Delivering the promise of healthcare innovation without compromising sustainability
9th June 2015
Innovation has become synonymous with higher cost, but it need not be like that. For a start, innovation has many guises: it can come in the shape of a breakthrough therapy that revolutionises treatment, an innovative way of administering a generic that improves adherence, a biosimilar that promotes innovative pricing models, or through insights from big data that drive improvements in patient care without adding to cost
Innovation – in the shape of novel, targeted medicines, faster, more precise diagnostics, digital imaging and monitoring tools, and new patient-centred delivery models – has evident power to improve healthcare.
But rather than welcoming it with open arms, many EU health authorities are nervous and concerned that these advances will add to costs, undermining the sustainability of health systems.
As a result, Europe has innovation, but it is not equally distributed. Rather than contributing to an increase in equity, innovation widens the divide.
The key to squaring this circle and balancing the demands of patients against the sustainability of systems and the incentives given to companies, lies in making sure innovations that truly add value are rewarded appropriately. Rather than efficacy, payers should require proof of effectiveness, demonstrations that a drug or technology will scale and perform in the real world.
There is a clear role for regulatory authorities and health technology assessment bodies to work hand in hand in all of this, helping to deliver the innovation Europe needs through adaptive pathways that accelerate review, leading onto conditional approvals that allow new therapies to demonstrate their value when up against the variations in patient populations and the vagaries of different healthcare systems.
Value can be demonstrated by looking to the pockets of innovation across member states, and using these as test beds, both to understand where the value lies, and how to scale innovation.
While the appeal of personalised medicine is acknowledged, it is also seen as adding to cost and complexity, and destroying economies of scale. But personalisation is not only a route to improving productivity in research and development, it also provides the means to satisfy payers that efficacy data will translate into effectiveness.
Personalisation is now moving beyond oncology to chronic diseases, the management of which place such a huge burden on patients and on Europe’s healthcare systems. Here, personalised medicine is increasing understanding of the underlying biology, and making it possible to segment diseases that have many different underlying genetic and environmental causes. In enabling responders to be identified in advance of treatment, personalised medicines will reduce the burden of severe side effects – both in terms of their impact on patients and of the cost for healthcare systems.
What payers hate most – what makes them nervous of adopting any innovation – is uncertainty. Regulatory pathways need to be reshaped, patient views of what matters to them taken into account and tools for real world monitoring put in place, but personalised medicine holds the potential to improve outcomes and to enable healthcare systems to apply innovation and face up to seemingly intractable demand.
Innovation has many guises
The tendency to associate branded drugs with innovation leads onto the assumption that innovation inevitably adds to costs. But this overlooks swathes of innovation that have been demonstrated to reduce costs, improve access and add to sustainability.
One of the most striking examples of such innovation – and an area where Europe has been the pioneer, is in the development of biosimilars.
While at one level, biosimilars may be dismissed as copies of innovative biopharmaceuticals, there is a huge amount of innovation inherent in these products. For a start, Europe took the lead in developing the science of biosimilars, setting out the evidence base required to show bioequivalence and having the first regulatory pathway.
Building on this framework, companies have made large investments in developing manufacturing systems and running clinical trials to show bioequivalence. This is far from being a trivial, copycat process: biosimilars are large complicated molecules and it requires significant research and ingenuity to achieve this.

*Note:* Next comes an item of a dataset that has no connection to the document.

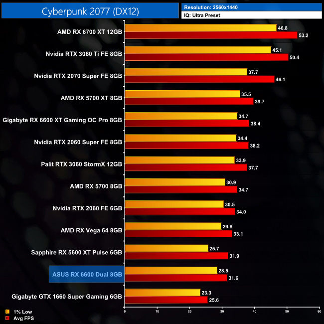 Stepping up to 1440p sees the 6600 fall away somewhat, as it is now 16% slower than the RTX 3060 and even 7% behind the RTX 2060.

As a result of this effort, Europe led the way in launching the first products and developing a biosimilars market. Healthcare systems that could not afford the costs of originator products are bringing innovation to patients as a result.
This is leading to improvements in care that potentially reduce costs overall. For example, expanding access to erythropoietin biosimilars in the treatment of neutropenia can limit the incidence of opportunistic infections in cancer patients undergoing chemotherapy.
Biosimilars have introduced competition where previously there were only patented products, leading to lower prices. This frees up resources that can fund breakthrough treatments and inspires companies developing novel therapies to come up with highly differentiated products.
The biosimilars market was slow to develop following the first launch in 2005, but is now taking shape, and healthcare systems are reaping cost savings. This contribution to better care and sustainability is poised to increase as biologic drugs with annual sales of more than $70 billion reach the end of their patent lives over the next two years.